Laminin γ-2 Il plasmide di attivazione CRISPR (h) è un sistema SAM (mediatore di attivazione sinergico) a tre plasmidi progettato per la sovraregolazione trascrizionale altamente efficiente e sito-specifica del locus LAMC2 nelle linee cellulari umane. Il sistema è costruito attorno a una Cas9 cataliticamente inattiva (dCas9) che porta due mutazioni inattivanti (D10A e N863A) che eliminano l'attività nucleasica preservando al contempo il legame con il DNA. Questa dCas9 è fusa con VP64, un potente attivatore trascrizionale, ed è coespressa con un gene di resistenza alla blasticidina per la selezione. Il secondo plasmide codifica la proteina di fusione MS2-p65-HSF1, un complesso attivatore secondario che agisce in sinergia con dCas9-VP64, insieme a un gene di resistenza all'igromicina. Il terzo plasmide codifica un sgRNA specifico per il bersaglio di 20 nt fuso a due aptameri di RNA MS2 che reclutano il complesso MS2-p65-HSF1 nel sito di attivazione, accompagnato da un gene di resistenza alla puromicina. I tre plasmidi vengono somministrati in un rapporto di massa 1:1:1 per un'espressione bilanciata di tutti i componenti del sistema.

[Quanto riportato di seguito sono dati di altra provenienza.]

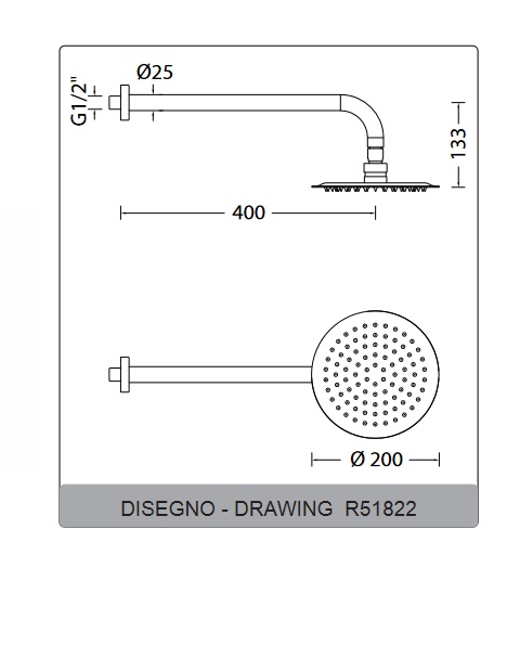 Лейка для верхнего душа Eurorama Wellness 200 мм с держателем сталь R51822

Una volta assemblato nel locus bersaglio, il complesso SAM si lega a circa 200 bp a monte del sito di inizio della trascrizione LAMC2, dove VP64, p65 e HSF1 agiscono in modo concertato per reclutare il machinery trascrizionale e guidare la sovraregolazione dell'espressione endogena di Laminin γ-2. A differenza della Cas9 con attività nucleasica, dCas9 non introduce rotture a doppio filamento né modifica la sequenza genomica, preservando il locus LAMC2 nativo e consentendo lo studio delle risposte trascrizionali dipendenti da Laminin γ-2 nel locus endogeno, rendendolo uno strumento prezioso per studi funzionali, l'identificazione di geni bersaglio e la modellizzazione del ripristino della via Laminin γ-2 nelle cellule tumorali con espressione di LAMC2 silenziata o ridotta.
Solo per uso di ricerca. Non destinato a uso diagnostico o terapeutico.